5.5. Les informateurs

Les informateurs sont divisés en sept groupes avec quatorze personnes (sept de chaque sexe) dans chaque groupe, faisant un total de 98 personnes. Les trois groupes d'enfants sont divisés par tranche d'âge pour simuler l'évolution langagière, et dans le même but, les deux groupes d'apprenants L2 sont divisés par niveau de compétence dans la langue cible. Nous avons également deux groupes de contrôle. Tous les groupes d'informateurs seront présentés plus en détail ci-dessous.

Il est évident qu'il existe une grande difficulté pour constituer des groupes d'informateurs qui se valent exactement au niveau sociolinguistique, mais nous sommes assez confiante lorsque nous disons que dans l'étude en question, cela a une moindre importance.
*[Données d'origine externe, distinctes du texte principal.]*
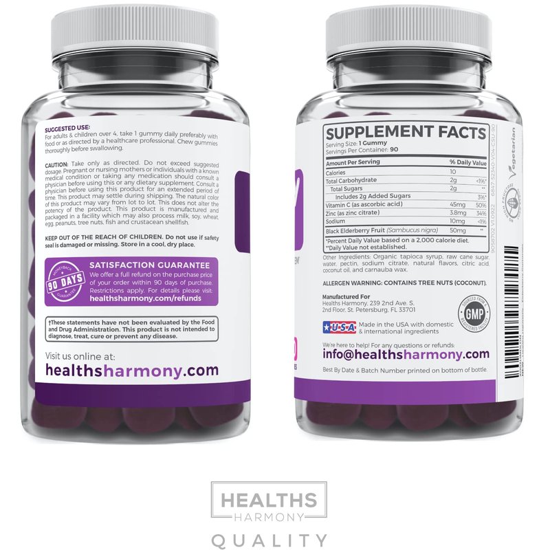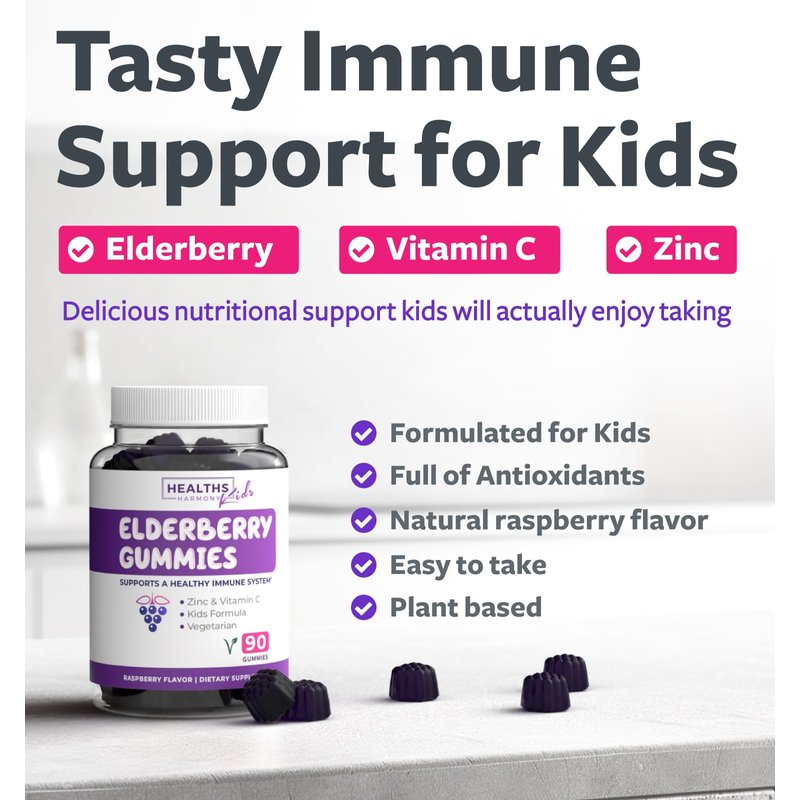 - Keep Your Kids Well: These Elderberry, Zinc, Vitamin C gummies let you give your kids what they need in a fun little gummy rather than a handful of separate capsules, pills and powders. With safe amounts of the active ingredients and just enough real sugar to make them a yummy treat rather than a chore, Healths Harmony immune booster gummies are a smart addition to your kids’ routine. Click add to cart and grab your three-month supply today!

Il s'agit effectivement de verbes très fréquents qui appartiennent à la langue quotidienne, et leur usage n'est pas conditionné par le registre de langue, ni par le niveau d'étude du locuteur.

Dans le tableau (12) ci-dessous, les groupes d'informateurs sont présentés selon la répartition du nombre et du sexe.

Informateurs Total L1 4 ans 7 7 14 L1 7 ans 7 7 14 L1 10 ans 7 7 14 L2in (niveau intermédiaire) 7 7 14 L2av (niveau avancé) 7 7 14 Contrôle suédois 7 7 14 Contrôle français 7 7 14

Total 49 49 98

Tableau 12: Les groupes d'informateurs divisés par leur nombre et leur sexe.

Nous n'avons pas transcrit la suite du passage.